Какое было неземное райски-адское время, когда Елена ушла от меня в феврале 1976 года. О Господи, как я счастлив, что испытал такое время и то страшное несчастье.
Бремя обнаженного сердца! Странного, жгучего, как алкоголь, воздуха, монстров, рычащих вокруг, поголовного заговора природы против меня, огнедышащего неба и разверстой, трепетно ждущей меня земли.
Сколько невероятных наблюдений, сколько кошмарных опытов! По Нью-Йорку на жгучем зимнем ветру разгуливали саблезубые тигры и другие звери ледникового периода, трещали раздираемые небеса, и я, теплый, влажный и маленький, едва успевал отпрыгивать от зубов, утроб и когтей. Кровоточащий комочек.
И громовым грохотом со всех сторон гудели страшные слова философа-горбуна: «Несчастнейший — он же и счастливейший!., он же и счастливейший… он счастливейший!..» Но я их тогда не понимал.
Хотел бы я сейчас побыть в таком состоянии, но нельзя, нельзя, к сожалению. Такое видение дается только в страшном несчастье, один раз, и погранично такое состояние только со смертью.
Я думаю, что если б миллионерова экономка умерла, — я бы придумал и написал историю о том, как нежно я ее любил, и искренне плакал бы о ней с Лысой певицей, а на другой день пришла бы неандертальский мальчик и плакала бы тоже — все мои сегодняшние подруги сентиментальны.

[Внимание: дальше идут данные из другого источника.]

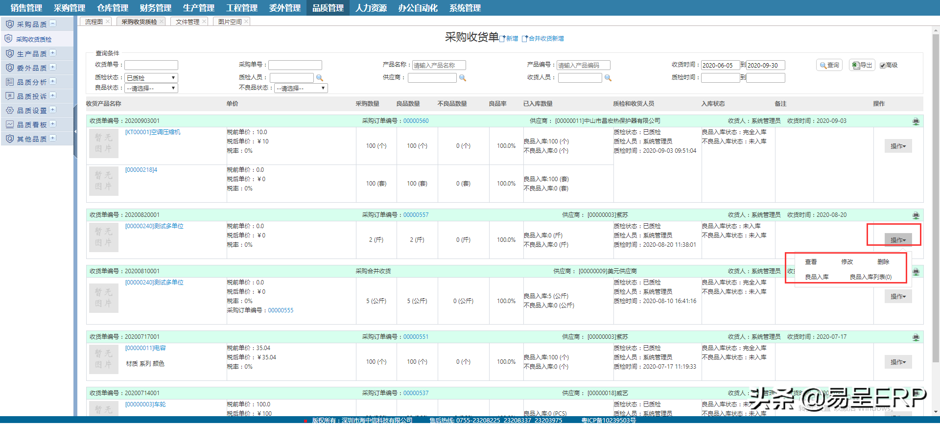 SCM供应链系统采购质检-来料检验-QC管理软件哪个好用?---青岛易呈erp软件容易用起来
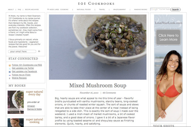 Heidi Swanson blogs about her meals, interests, and travels at 101 Cookbooks. Most of the recipes are vegetarian and either come from cookbooks or were created by Swanson.
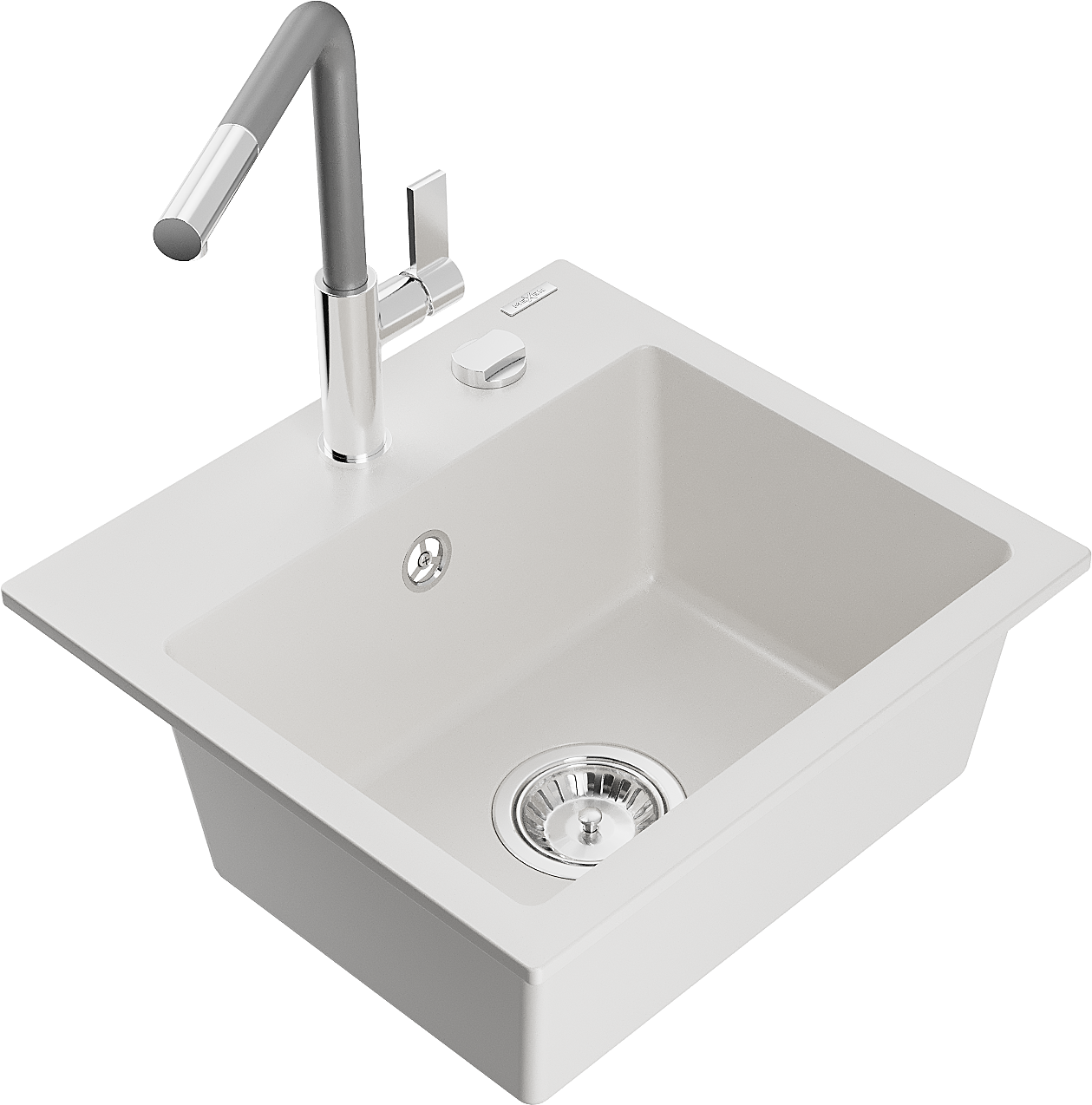 Mexen Milo granitový drez 1-komorový s kuchynskou batériou Flora, biely - 6505-20-670401-06

Я, честно говоря, уважаю миллионерову экономку — нездоровая, она обладает все же гигантской энергией, простая, она способна любить непростое, и даже гнилое, она с обожанием и гордостью матери говорит, что на последнем парти все женщины спрашивали хозяйку «кто это такой секси» — больше всех других мужчин — это о тебе, Эдвард.

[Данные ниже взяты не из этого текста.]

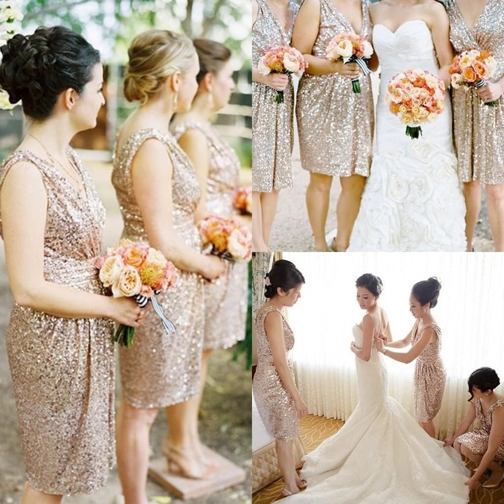 Sparkly Rose Gold Cheap 2019 Mermaid Bridesmaid Dresses Short
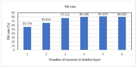 Accordingly, when training the mathematical neural network, the accuracy of the neural network with different numbers of neurons in the hidden layer is measured. Figure 16 shows the experimental results of different numbers of neurons in a hidden layer in the type of bar chart. It is found that when the neural network has the highest hit rate, the number of hidden layers is five; therefore, the number of neurons in the hidden layer is determined to be five neurons.
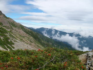 農鳥岳で休憩。西農鳥岳に向かうくらいで、気分が消化試合になってきた。白峰三山なんていったら第一級の縦走路。なのに気分が乗らないのは、パッとしない天気のせい?肩の小屋までの皮算用ばかりしていた。3000mの稜線はすでに草紅葉が進んでいる。こんだけずっと暑いのに、ちゃんとするんだなあ・・・と感じた。暑い寒いは関係なく、時期が来たら紅葉ってするもんなのか・・・?
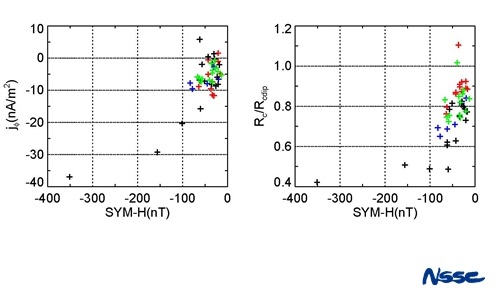 环电流(左)及磁场曲率(右)随磁暴强度变化的统计结果
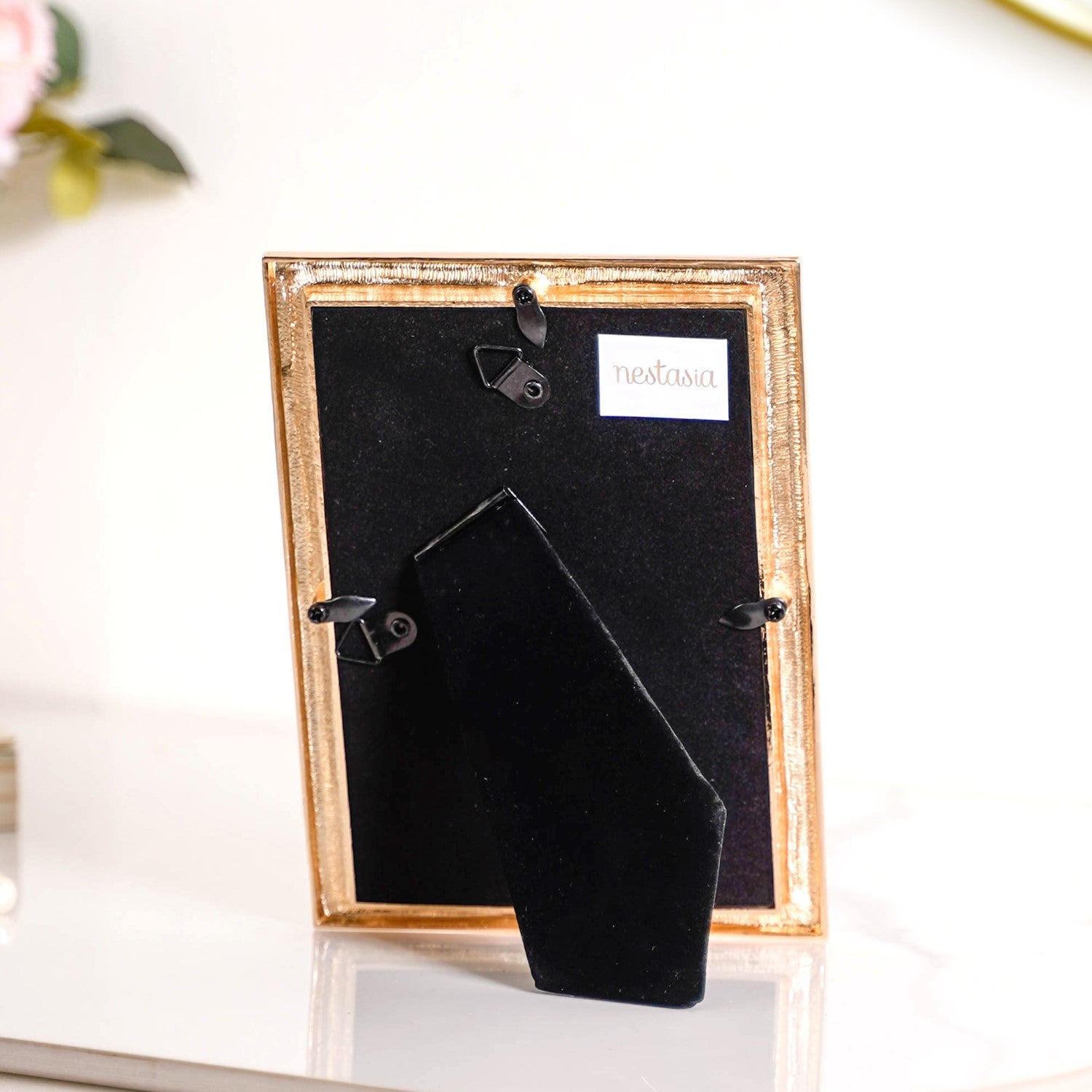 Nestip: Pair it with a contrasting silver or rose gold frame for a chic, layered tabletop display.
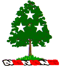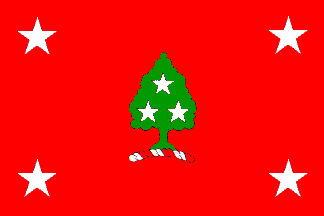 In use since 1939. Red with the state military crest on the center (blazoned by the U.S. Army as "on a wreath of the colors, upon a mount vert a hickory tree proper charged with three mullets one and two argent") and a white star in each corner. [smi75a] Smith says this flag was unofficial as of 1975; I have no information to say whether it has been made
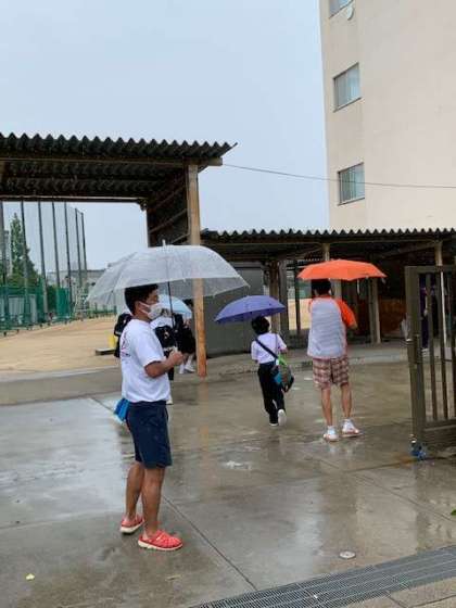 雨の中、生徒が登校しています。

Интересно бы заглянуть в душу этой рослой девице с большими ступнями, оттопыренной мягкой попкой и странно длинными, пухлыми, еще детскими руками. Что у нее там в душе? Почему ей доставляет удовольствие кормить, поить, всячески опекать злодея на двенадцать лет старше ее, который очевидно и явно смотрит в лес, у которого она находит женские часики в ванной комнате и едва ли не женское белье, но не ропщет. Миллионерова экономка окончила католическую школу. Если б она умерла, возможно было бы возвести ее в святую.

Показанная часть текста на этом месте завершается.